Manal, who runs the account @helloholydays on Instagram, sells crafts aimed at helping children make their holidays more fun. Her page features, among other things, Valentine’s Day cards, DIY rings, easy to make snacks, and balloons in the shape of the Holy Ka’bah.
Unlike Zainab’s organic rise, Manal had always intended to build a brand and she has done so successfully. “Actions speak louder than words” she told me as we spoke about what she thinks of the community’s reaction to her work. Her success, she tells me, can be gauged by the fact that some of the biggest names in the DIY market, such as Martha Stewart, have collaborated with her. Manal calls herself a “visionary” who has led the way for other aspiring entrepreneurs to come forward and market their products online in order to cater to this niche market.

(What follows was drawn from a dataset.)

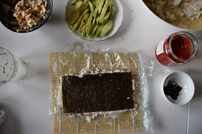 9. Con ayuda del plástico que habías colocado debajo da la vuelta al conjunto de manera que el alga quede mirando hacia arriba y coloca los ingredientes del relleno en el centro. Una tira o dos de aguacate, dependiendo del grosor, una tira de pimiento, y otra de atún con mayonesa. Cuando lo tengas todo listo enróllalo con ayuda de la esterilla. Coge uno de los extremos de la esterilla, envuelve el relleno y aprieta ligeramente para que se asiente y vaya formando el círculo. Es más fácil de lo que parece y si no lo consigues a la primera lo conseguirás a la segunda seguro.

Manal’s experience is also shared by a host of individuals and local businesses. Just like Manal, other local businesses are increasingly leveraging the reach and scope of social media to promote their products. Having an Instagram account, in addition to a Facebook page and a hip website, has increasingly become the norm for businesses. With targeted ads and paid promotions, businesses are able to target audiences at a fraction of the cost compared to what they would have paid had they gone about doing it via television, radio, or billboards. Manal’s journey from UofT to the world of business is one that resonates with many aspiring businesspeople.
Having read some of Dr. Shoshana Zuboff’s work on how social media enables the surveillance state, I debated at multiple points whether it was even ethical to speak appreciatively about social media. Should Instagram, which sells our data for advertisement, be romanticized as a democratizing force? I have no good answer to this question. Perhaps by talking about social media as opposed to on it, we will find a path that leads us there. Perhaps I am being optimistic. My hope is that our conversations around social media fall like droplets of rain on the dry, barren soil giving rise to the fragrance of hope for it in the end, it is hope we are condemned to.